# Given data:

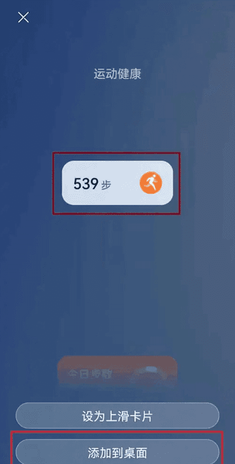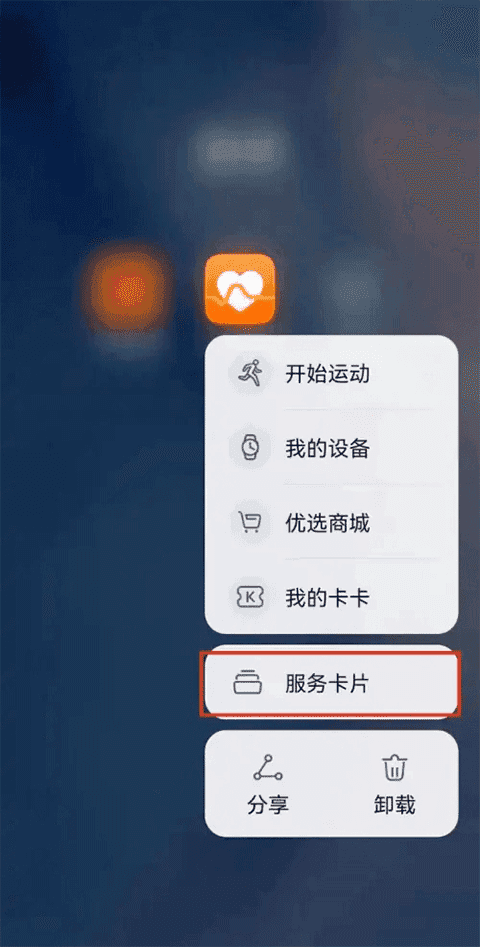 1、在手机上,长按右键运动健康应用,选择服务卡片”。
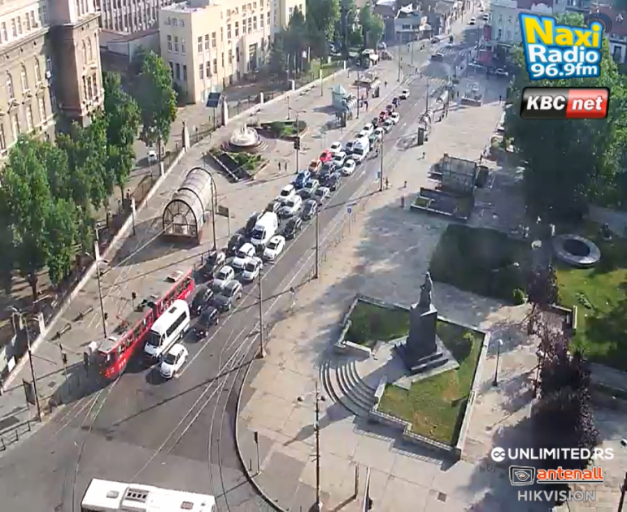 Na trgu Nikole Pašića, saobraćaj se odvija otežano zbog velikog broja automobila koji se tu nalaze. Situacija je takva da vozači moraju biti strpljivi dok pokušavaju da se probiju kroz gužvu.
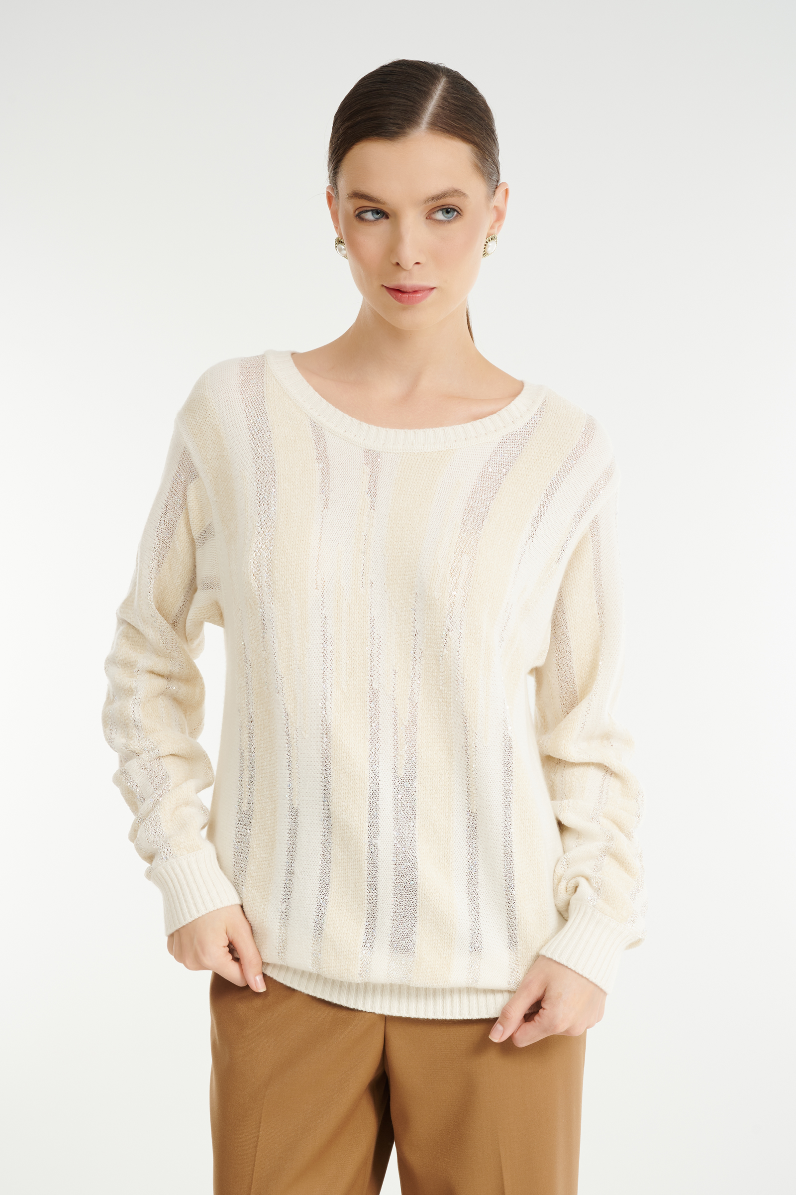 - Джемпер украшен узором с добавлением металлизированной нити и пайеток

# Task prompt:
A word-for-word retyping of the material above is expected, without pictures.

# Output of the task:
 1、在手机上,长按右键运动健康应用,选择服务卡片”。
 Na trgu Nikole Pašića, saobraćaj se odvija otežano zbog velikog broja automobila koji se tu nalaze. Situacija je takva da vozači moraju biti strpljivi dok pokušavaju da se probiju kroz gužvu.
 - Джемпер украшен узором с добавлением металлизированной нити и пайеток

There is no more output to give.